To show that the anti-CD45 CAR-Ts could also work against other types of blood cancers, the researchers cultured them with B-cell lymphoma, AML and T-cell acute lymphoblastic leukemia cells. For comparison, they cultured the cancer cells with anti-CD33 or anti-CD19 CAR-Ts as well. The scientists found that while these CAR-Ts could only target cancer cells with their specific lineage, the anti-CD45 CAR-Ts worked against all of them.
Next, the team looked at whether the epitope-edited blood stem cells would be both functional and protected from anti-CD45 CAR-Ts. After finding that they were capable of proliferating both in the lab and in mice, they engrafted another set of mice with either the edited stem cells or unedited stem cells, then followed up with a dose of the anti-CD45 CAR-Ts. The edited blood stem cells survived, while the unedited ones were eliminated by the CAR-Ts.
Finally, the team put it all together. They engrafted either edited or unedited blood stem cells in mice, injected them with AML cells, and treated them with the anti-CD45 CAR-Ts. Mice with the unedited blood stem cells quickly developed leukopenia, or a condition where the body doesn’t have enough immune cells; the mice with the edited stem cells did not. Meanwhile, the treatment killed off the cancerous cells and improved survival in both groups.
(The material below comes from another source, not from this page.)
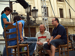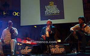 | Al caer la tarde, Lebrijano y Faical atienden una entrevista, en el escenario que una hora después se encontraba a rebosar de público. |

The results come with a few caveats, namely due to the nature of the models. For instance, because the amino acid sequences in the edited epitope differ between mice and humans, testing in nonhuman primates will be necessary to know whether epitope editing affects the function of the infused blood stem cells, the scientists noted in the paper.
“Ultimately, the safety and efficacy of this approach needs to be tested in human clinical trials,” they wrote. To this end, the team is currently conducting additional studies in preparation to request FDA permission to get their program into the clinic.